TASK INSTRUCTIONS: What is needed is an exact copy of the data below, pictures excluded.

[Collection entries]
-- Opening Marker --

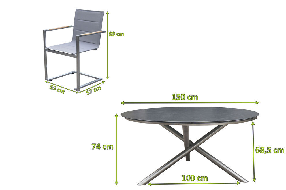 Das dreibeinige, gekreuzte Gestell des Esstisches ist gefertigt aus rostfreiem Edelstahl, welches optisch ergänzt wird durch eine hochwertige Glaskeramikplatte. Mit seinen Maßen von ca. Ø 150 x 74 cm und seinem Gewicht von ca. 49,5 kg bietet der Tisch ausreichend Platz für bis zu 4 Personen. Zum Schutz Ihrer Terrasse sind die Tischbeine zusätzlich mit Kunststofffüßen bestückt.
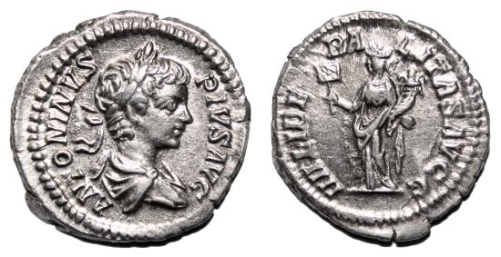 Obverse: ANTONINVS PIVS AVG. Laureate and draped bust right. Reverse: LIBERALITAS AVGG IIII. Liberalitas standing left, holding abacus and cornucopiae. Very good denarius, close to EF condition, conserving full details on both sides and very bold reliefs checkable at photo. RIC 135. Rome mint, AD 204. 3 g - 19 mm -------------------------------------------------------------------------------------------------- Visit our site about Numismatics and Archaeology: aeternitas-numismatics.com |
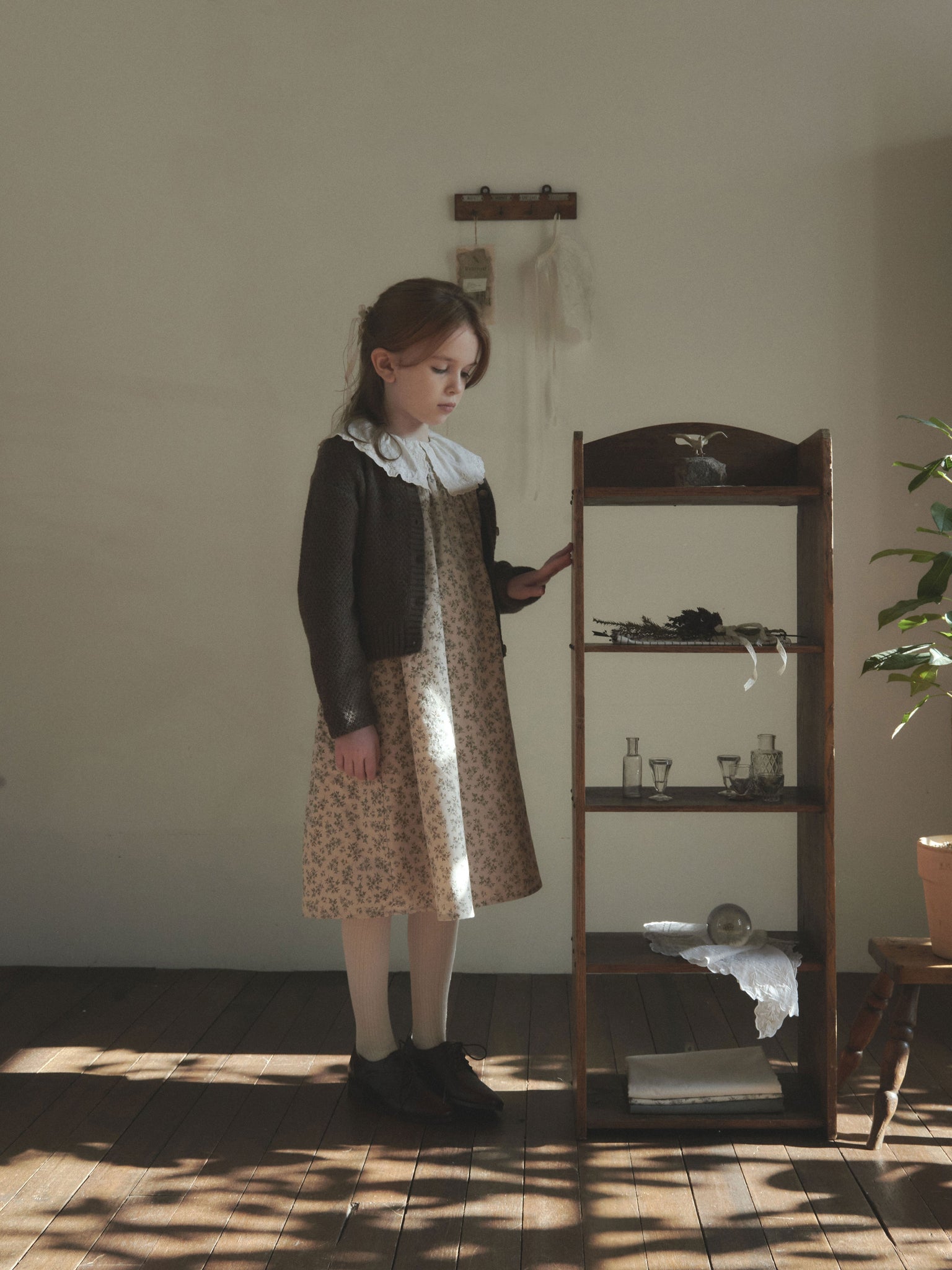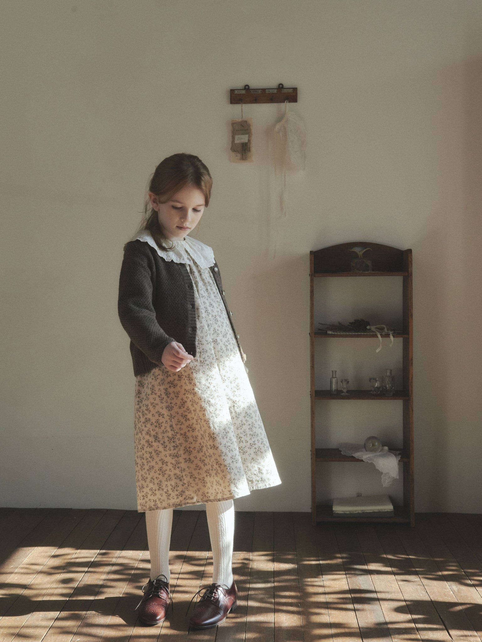 Vintage inspired knit cardigan made in soft and warm tasmania wool and cashemere blend. Its neutral color makes it very versatile and easy to coordinate.
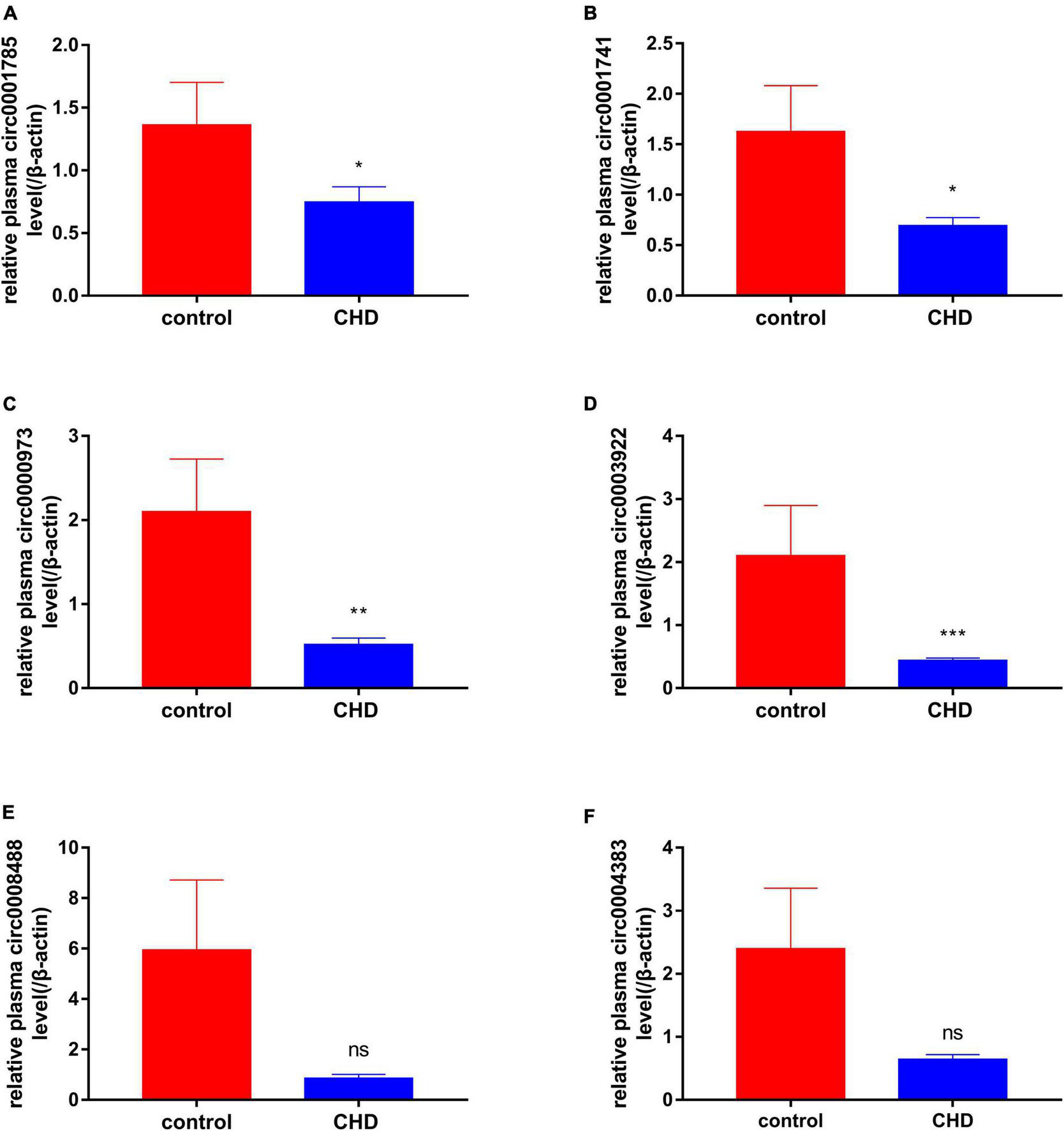 qRT-PCR results of peripheral blood-derived circRNA. The expressions of peripheral blood-derived circRNAs were further confirmed using qRT-PCR. (A) Represents the expression of circ0001785 in white blood cells of healthy and coronary patients, (B) represents the expression of circ0001741 in white blood cells of healthy and coronary patients, (C) represents the expression of circ0000973 in white blood cells of healthy and coronary patients, (D) represents the expression of circ0003922 in white blood cells of healthy and coronary patients, (E) represents the expression of circ0008488 in white blood cells of healthy and coronary patients, and (F) represents the expression of circ0004383 in white blood cells of healthy and coronary patients. Red represents healthy control group, blue represents coronary heart disease (CHD) group, P < 0.05 was statistically significant. *P < 0.05, **P < 0.01, and ***P < 0.001.
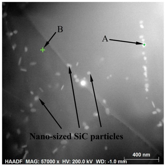 High-resolution TEM micrograph and EDX results are presented in Figure 12. Table 2 and Table 3 exhibit the elements in locations A and B. As indicated in Table 1, the phase contains C and Si elements, implying the existence of nano-sized SiC particles. However, the matrix phase (α-Al) does not contain Si element. As shown in Figure 12, nano-sized SiC particles are distributed uniformly in the microstructure. It also illustrates that the ultrasonic-assisted semisolid stirring method is suitable for fabricating a semisolid slurry of the nano-sized SiCp/7075 composite.
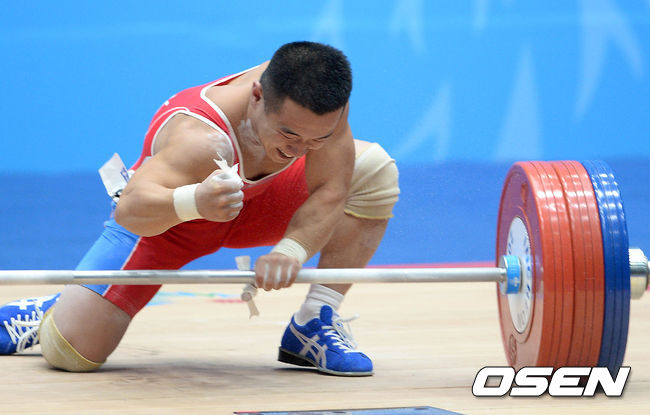 세계신기록을 세운 북한 엄윤철이 환호하고 있다. /sunday@osen.co.kr
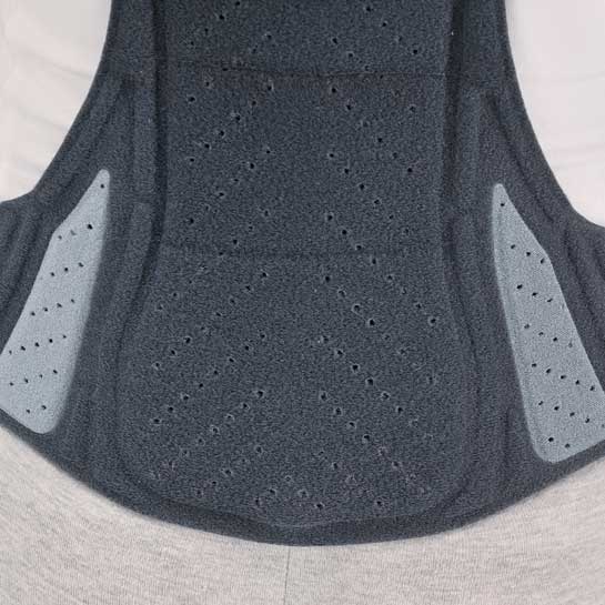 • il tirante ascellare è dotato di morbida imbottitura e stecca-guida per facillitare l’indosso e della spinta posteriore regolabile anti-assuefazione
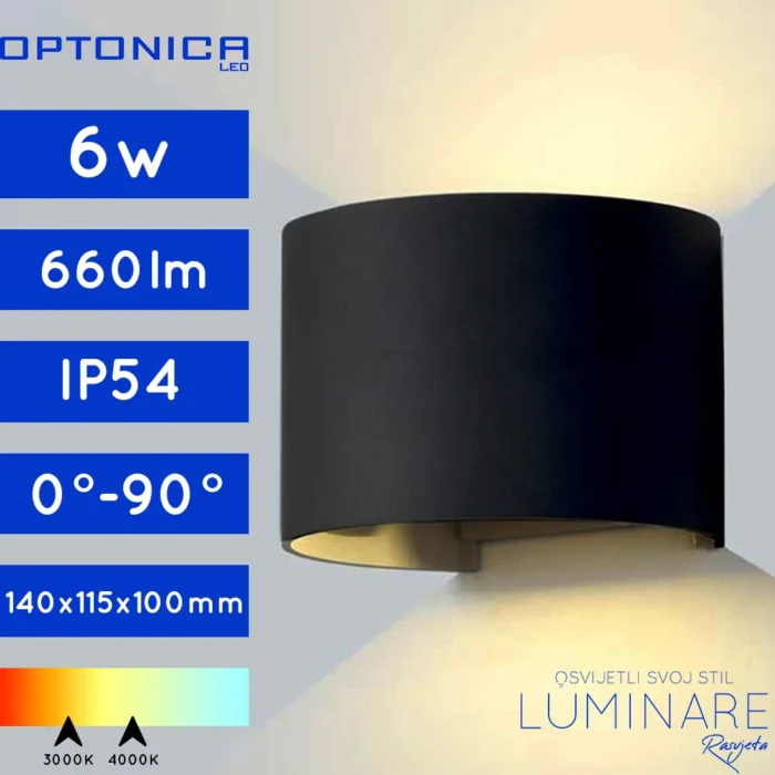 Zidna svjetiljka snage 6W, sa integriranim LED čipom. Svjetiljka svjetli gore i dolje, a kut osvjetljenja moguće je suziti od 0-90°.

-- Closing Marker --

RESULT BELOW:
 Das dreibeinige, gekreuzte Gestell des Esstisches ist gefertigt aus rostfreiem Edelstahl, welches optisch ergänzt wird durch eine hochwertige Glaskeramikplatte. Mit seinen Maßen von ca. Ø 150 x 74 cm und seinem Gewicht von ca. 49,5 kg bietet der Tisch ausreichend Platz für bis zu 4 Personen. Zum Schutz Ihrer Terrasse sind die Tischbeine zusätzlich mit Kunststofffüßen bestückt.
 Obverse: ANTONINVS PIVS AVG. Laureate and draped bust right. Reverse: LIBERALITAS AVGG IIII. Liberalitas standing left, holding abacus and cornucopiae. Very good denarius, close to EF condition, conserving full details on both sides and very bold reliefs checkable at photo. RIC 135. Rome mint, AD 204. 3 g - 19 mm -------------------------------------------------------------------------------------------------- Visit our site about Numismatics and Archaeology: aeternitas-numismatics.com |
 Vintage inspired knit cardigan made in soft and warm tasmania wool and cashemere blend. Its neutral color makes it very versatile and easy to coordinate.
 qRT-PCR results of peripheral blood-derived circRNA. The expressions of peripheral blood-derived circRNAs were further confirmed using qRT-PCR. (A) Represents the expression of circ0001785 in white blood cells of healthy and coronary patients, (B) represents the expression of circ0001741 in white blood cells of healthy and coronary patients, (C) represents the expression of circ0000973 in white blood cells of healthy and coronary patients, (D) represents the expression of circ0003922 in white blood cells of healthy and coronary patients, (E) represents the expression of circ0008488 in white blood cells of healthy and coronary patients, and (F) represents the expression of circ0004383 in white blood cells of healthy and coronary patients. Red represents healthy control group, blue represents coronary heart disease (CHD) group, P < 0.05 was statistically significant. *P < 0.05, **P < 0.01, and ***P < 0.001.
 High-resolution TEM micrograph and EDX results are presented in Figure 12. Table 2 and Table 3 exhibit the elements in locations A and B. As indicated in Table 1, the phase contains C and Si elements, implying the existence of nano-sized SiC particles. However, the matrix phase (α-Al) does not contain Si element. As shown in Figure 12, nano-sized SiC particles are distributed uniformly in the microstructure. It also illustrates that the ultrasonic-assisted semisolid stirring method is suitable for fabricating a semisolid slurry of the nano-sized SiCp/7075 composite.
 세계신기록을 세운 북한 엄윤철이 환호하고 있다. /sunday@osen.co.kr
 • il tirante ascellare è dotato di morbida imbottitura e stecca-guida per facillitare l’indosso e della spinta posteriore regolabile anti-assuefazione
 Zidna svjetiljka snage 6W, sa integriranim LED čipom. Svjetiljka svjetli gore i dolje, a kut osvjetljenja moguće je suziti od 0-90°.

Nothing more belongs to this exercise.